_Exercise brief_
Give all the lines below again, exactly, with no pictures.
** Supplied data follows **
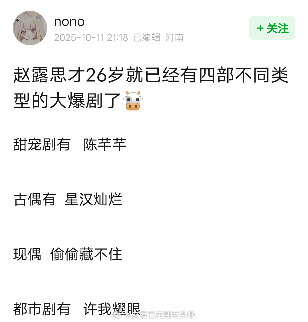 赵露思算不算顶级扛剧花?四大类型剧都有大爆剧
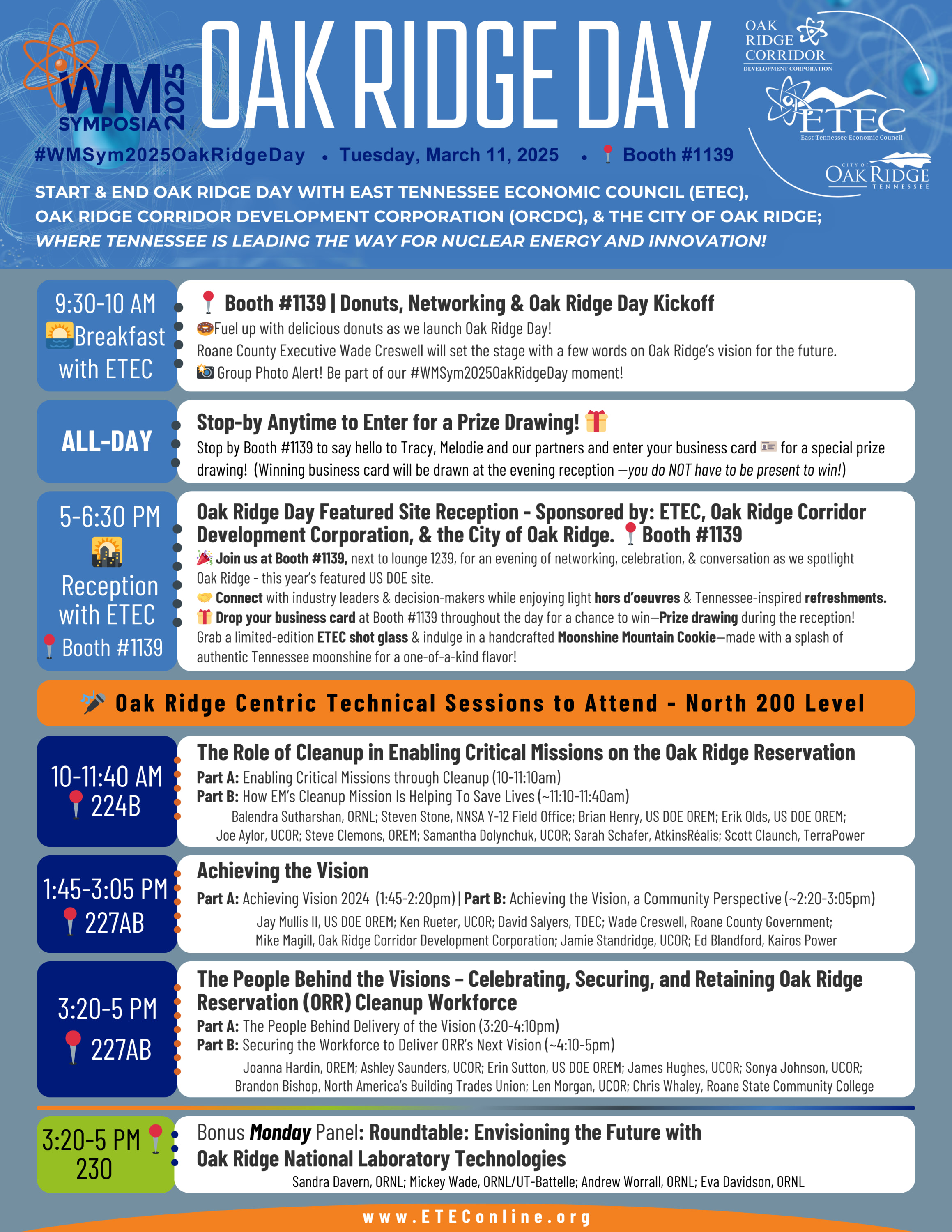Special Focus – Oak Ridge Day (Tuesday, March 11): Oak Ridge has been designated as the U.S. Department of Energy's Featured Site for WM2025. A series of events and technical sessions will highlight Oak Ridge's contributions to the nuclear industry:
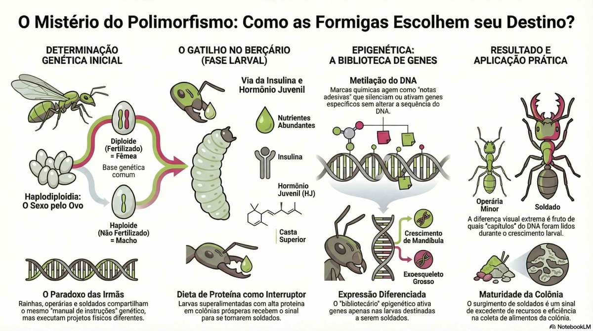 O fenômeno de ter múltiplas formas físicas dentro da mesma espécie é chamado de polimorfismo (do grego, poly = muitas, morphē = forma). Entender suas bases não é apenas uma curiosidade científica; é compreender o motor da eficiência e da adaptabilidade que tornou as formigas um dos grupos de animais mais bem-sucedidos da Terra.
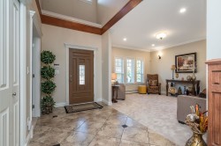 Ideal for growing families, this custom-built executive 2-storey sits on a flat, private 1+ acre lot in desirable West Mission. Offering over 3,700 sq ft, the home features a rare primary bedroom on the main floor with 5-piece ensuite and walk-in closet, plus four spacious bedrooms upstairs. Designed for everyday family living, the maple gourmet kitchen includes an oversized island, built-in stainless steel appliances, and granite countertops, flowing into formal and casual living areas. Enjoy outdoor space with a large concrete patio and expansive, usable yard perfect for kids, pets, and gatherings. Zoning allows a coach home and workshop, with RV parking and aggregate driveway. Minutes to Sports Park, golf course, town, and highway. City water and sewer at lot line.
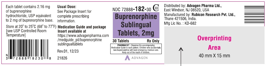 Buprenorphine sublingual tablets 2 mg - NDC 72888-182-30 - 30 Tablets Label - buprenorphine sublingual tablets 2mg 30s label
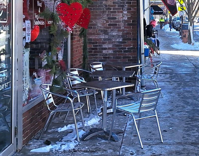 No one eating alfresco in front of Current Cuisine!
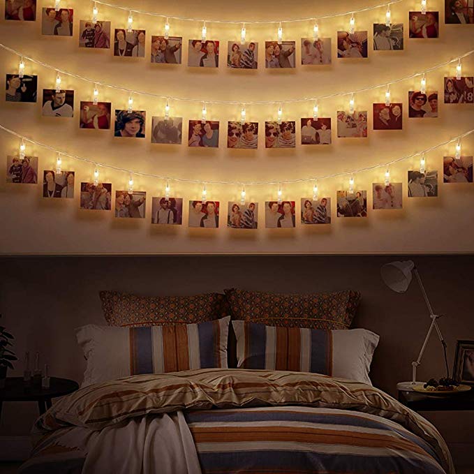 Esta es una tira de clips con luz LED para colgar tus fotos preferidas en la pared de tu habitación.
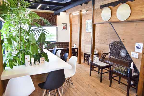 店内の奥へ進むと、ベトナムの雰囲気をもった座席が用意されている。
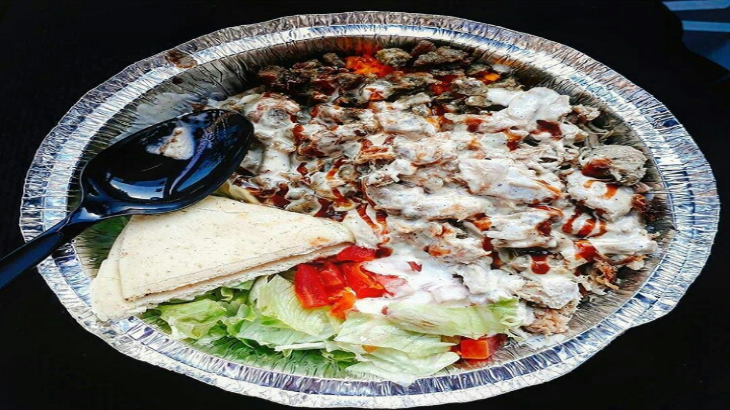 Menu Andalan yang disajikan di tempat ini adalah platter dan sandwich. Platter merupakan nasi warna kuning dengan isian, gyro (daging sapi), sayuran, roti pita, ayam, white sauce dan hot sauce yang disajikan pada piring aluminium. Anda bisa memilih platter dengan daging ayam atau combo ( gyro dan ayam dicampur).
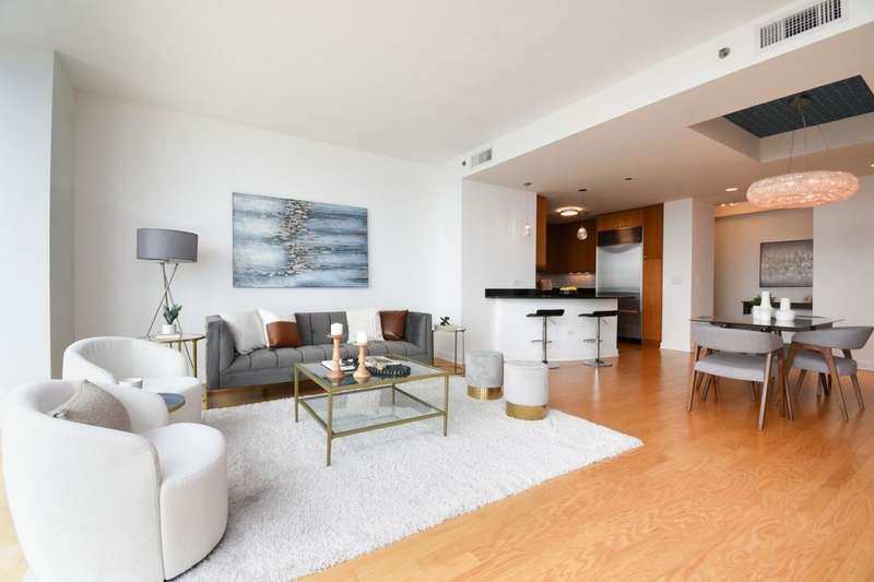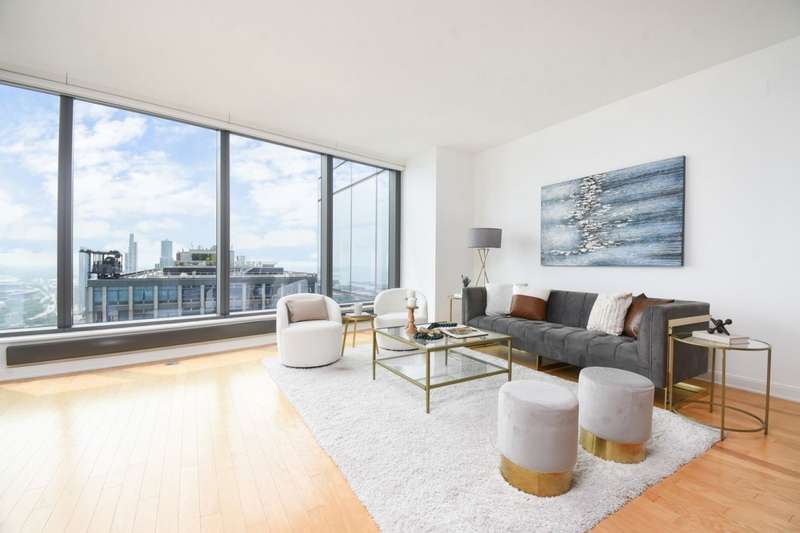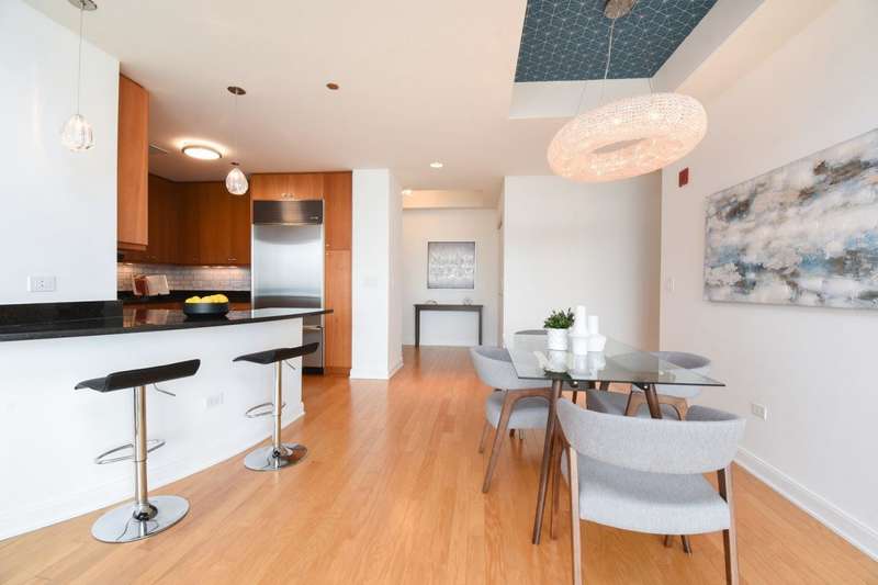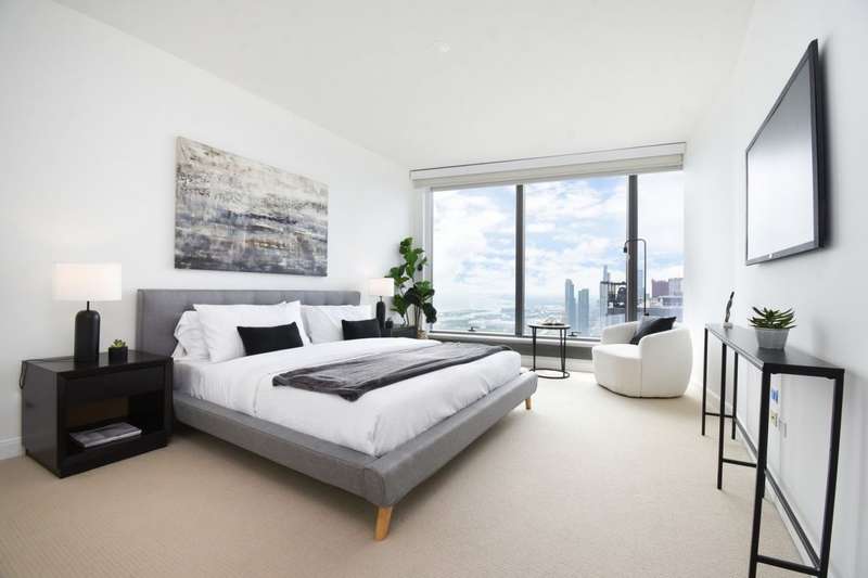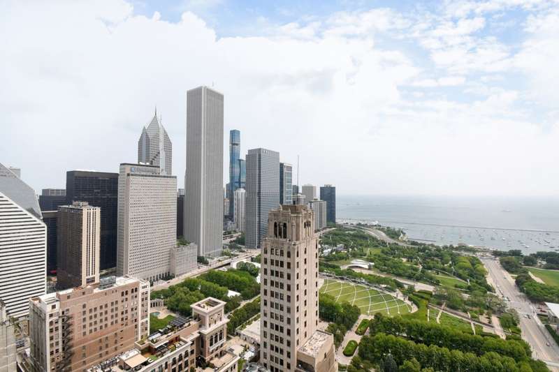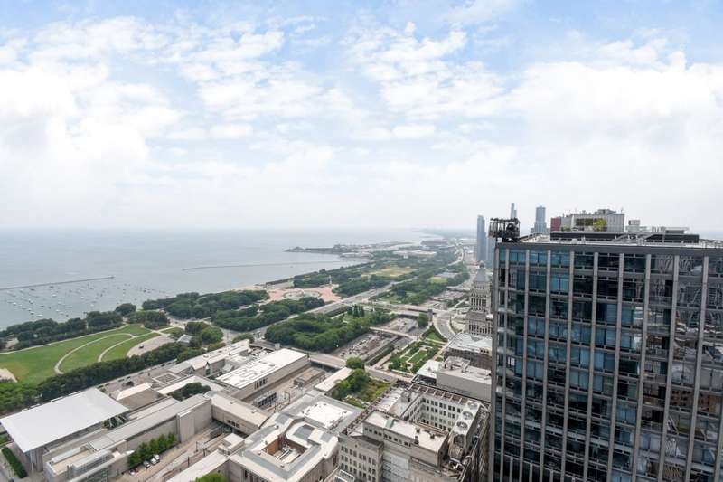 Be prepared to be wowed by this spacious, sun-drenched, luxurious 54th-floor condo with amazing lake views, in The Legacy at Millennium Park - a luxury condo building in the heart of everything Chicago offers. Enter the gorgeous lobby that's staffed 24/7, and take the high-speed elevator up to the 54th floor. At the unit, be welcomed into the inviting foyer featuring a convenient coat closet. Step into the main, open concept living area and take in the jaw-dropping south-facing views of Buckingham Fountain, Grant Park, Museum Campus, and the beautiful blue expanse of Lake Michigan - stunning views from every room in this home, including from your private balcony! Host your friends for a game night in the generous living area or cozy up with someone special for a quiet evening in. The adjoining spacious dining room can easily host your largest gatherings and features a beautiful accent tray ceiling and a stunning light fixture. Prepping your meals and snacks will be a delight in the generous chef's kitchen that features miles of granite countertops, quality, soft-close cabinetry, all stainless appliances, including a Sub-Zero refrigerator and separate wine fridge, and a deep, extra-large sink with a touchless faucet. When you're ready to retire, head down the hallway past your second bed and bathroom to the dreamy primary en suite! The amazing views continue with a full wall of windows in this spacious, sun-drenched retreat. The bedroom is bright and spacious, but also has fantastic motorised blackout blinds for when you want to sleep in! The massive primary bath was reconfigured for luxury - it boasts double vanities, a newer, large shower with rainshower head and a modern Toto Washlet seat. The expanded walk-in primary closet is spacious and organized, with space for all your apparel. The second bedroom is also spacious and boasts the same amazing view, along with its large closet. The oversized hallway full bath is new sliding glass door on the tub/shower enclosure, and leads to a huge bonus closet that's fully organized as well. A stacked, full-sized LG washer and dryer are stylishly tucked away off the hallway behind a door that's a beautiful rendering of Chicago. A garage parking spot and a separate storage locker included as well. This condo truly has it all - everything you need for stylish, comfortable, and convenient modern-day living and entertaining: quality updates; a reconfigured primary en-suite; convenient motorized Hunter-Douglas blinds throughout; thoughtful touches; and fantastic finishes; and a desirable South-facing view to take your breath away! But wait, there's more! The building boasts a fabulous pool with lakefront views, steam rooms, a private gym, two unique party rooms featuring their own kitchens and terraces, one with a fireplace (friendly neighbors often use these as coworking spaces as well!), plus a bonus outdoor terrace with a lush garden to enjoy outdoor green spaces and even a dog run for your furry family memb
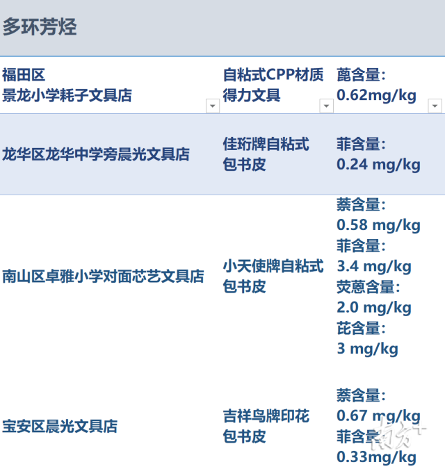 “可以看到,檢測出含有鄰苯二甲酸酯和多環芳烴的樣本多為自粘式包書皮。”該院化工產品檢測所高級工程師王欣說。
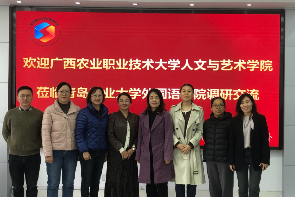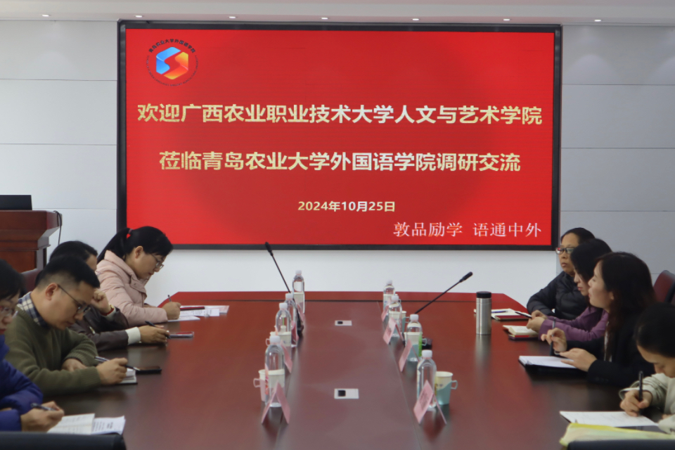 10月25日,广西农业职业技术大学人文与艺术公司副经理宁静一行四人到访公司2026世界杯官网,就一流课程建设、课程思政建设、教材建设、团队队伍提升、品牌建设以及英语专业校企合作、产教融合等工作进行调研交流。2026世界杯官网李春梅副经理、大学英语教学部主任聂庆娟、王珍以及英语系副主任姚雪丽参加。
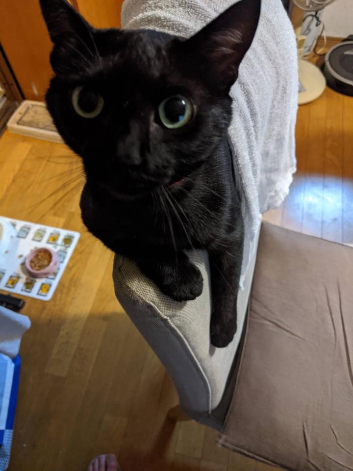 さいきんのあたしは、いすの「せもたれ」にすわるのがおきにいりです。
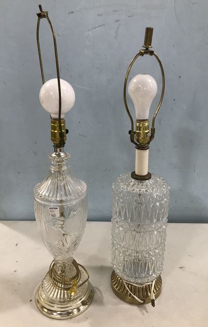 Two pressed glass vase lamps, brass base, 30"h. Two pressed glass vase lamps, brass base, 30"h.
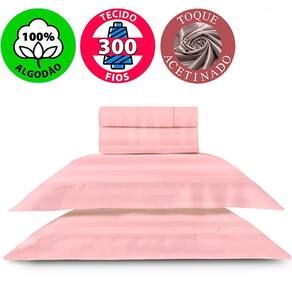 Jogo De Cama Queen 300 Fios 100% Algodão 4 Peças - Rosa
** End of Supplied data **
_Solution to this exercise_
 赵露思算不算顶级扛剧花?四大类型剧都有大爆剧
Special Focus – Oak Ridge Day (Tuesday, March 11): Oak Ridge has been designated as the U.S. Department of Energy's Featured Site for WM2025. A series of events and technical sessions will highlight Oak Ridge's contributions to the nuclear industry:
 O fenômeno de ter múltiplas formas físicas dentro da mesma espécie é chamado de polimorfismo (do grego, poly = muitas, morphē = forma). Entender suas bases não é apenas uma curiosidade científica; é compreender o motor da eficiência e da adaptabilidade que tornou as formigas um dos grupos de animais mais bem-sucedidos da Terra.
 Ideal for growing families, this custom-built executive 2-storey sits on a flat, private 1+ acre lot in desirable West Mission. Offering over 3,700 sq ft, the home features a rare primary bedroom on the main floor with 5-piece ensuite and walk-in closet, plus four spacious bedrooms upstairs. Designed for everyday family living, the maple gourmet kitchen includes an oversized island, built-in stainless steel appliances, and granite countertops, flowing into formal and casual living areas. Enjoy outdoor space with a large concrete patio and expansive, usable yard perfect for kids, pets, and gatherings. Zoning allows a coach home and workshop, with RV parking and aggregate driveway. Minutes to Sports Park, golf course, town, and highway. City water and sewer at lot line.
 Buprenorphine sublingual tablets 2 mg - NDC 72888-182-30 - 30 Tablets Label - buprenorphine sublingual tablets 2mg 30s label
 No one eating alfresco in front of Current Cuisine!
 Esta es una tira de clips con luz LED para colgar tus fotos preferidas en la pared de tu habitación.
 店内の奥へ進むと、ベトナムの雰囲気をもった座席が用意されている。
 Menu Andalan yang disajikan di tempat ini adalah platter dan sandwich. Platter merupakan nasi warna kuning dengan isian, gyro (daging sapi), sayuran, roti pita, ayam, white sauce dan hot sauce yang disajikan pada piring aluminium. Anda bisa memilih platter dengan daging ayam atau combo ( gyro dan ayam dicampur).
 Be prepared to be wowed by this spacious, sun-drenched, luxurious 54th-floor condo with amazing lake views, in The Legacy at Millennium Park - a luxury condo building in the heart of everything Chicago offers. Enter the gorgeous lobby that's staffed 24/7, and take the high-speed elevator up to the 54th floor. At the unit, be welcomed into the inviting foyer featuring a convenient coat closet. Step into the main, open concept living area and take in the jaw-dropping south-facing views of Buckingham Fountain, Grant Park, Museum Campus, and the beautiful blue expanse of Lake Michigan - stunning views from every room in this home, including from your private balcony! Host your friends for a game night in the generous living area or cozy up with someone special for a quiet evening in. The adjoining spacious dining room can easily host your largest gatherings and features a beautiful accent tray ceiling and a stunning light fixture. Prepping your meals and snacks will be a delight in the generous chef's kitchen that features miles of granite countertops, quality, soft-close cabinetry, all stainless appliances, including a Sub-Zero refrigerator and separate wine fridge, and a deep, extra-large sink with a touchless faucet. When you're ready to retire, head down the hallway past your second bed and bathroom to the dreamy primary en suite! The amazing views continue with a full wall of windows in this spacious, sun-drenched retreat. The bedroom is bright and spacious, but also has fantastic motorised blackout blinds for when you want to sleep in! The massive primary bath was reconfigured for luxury - it boasts double vanities, a newer, large shower with rainshower head and a modern Toto Washlet seat. The expanded walk-in primary closet is spacious and organized, with space for all your apparel. The second bedroom is also spacious and boasts the same amazing view, along with its large closet. The oversized hallway full bath is new sliding glass door on the tub/shower enclosure, and leads to a huge bonus closet that's fully organized as well. A stacked, full-sized LG washer and dryer are stylishly tucked away off the hallway behind a door that's a beautiful rendering of Chicago. A garage parking spot and a separate storage locker included as well. This condo truly has it all - everything you need for stylish, comfortable, and convenient modern-day living and entertaining: quality updates; a reconfigured primary en-suite; convenient motorized Hunter-Douglas blinds throughout; thoughtful touches; and fantastic finishes; and a desirable South-facing view to take your breath away! But wait, there's more! The building boasts a fabulous pool with lakefront views, steam rooms, a private gym, two unique party rooms featuring their own kitchens and terraces, one with a fireplace (friendly neighbors often use these as coworking spaces as well!), plus a bonus outdoor terrace with a lush garden to enjoy outdoor green spaces and even a dog run for your furry family memb
 “可以看到,檢測出含有鄰苯二甲酸酯和多環芳烴的樣本多為自粘式包書皮。”該院化工產品檢測所高級工程師王欣說。
 10月25日,广西农业职业技术大学人文与艺术公司副经理宁静一行四人到访公司2026世界杯官网,就一流课程建设、课程思政建设、教材建设、团队队伍提升、品牌建设以及英语专业校企合作、产教融合等工作进行调研交流。2026世界杯官网李春梅副经理、大学英语教学部主任聂庆娟、王珍以及英语系副主任姚雪丽参加。
 さいきんのあたしは、いすの「せもたれ」にすわるのがおきにいりです。
 Two pressed glass vase lamps, brass base, 30"h. Two pressed glass vase lamps, brass base, 30"h.
 Jogo De Cama Queen 300 Fios 100% Algodão 4 Peças - Rosa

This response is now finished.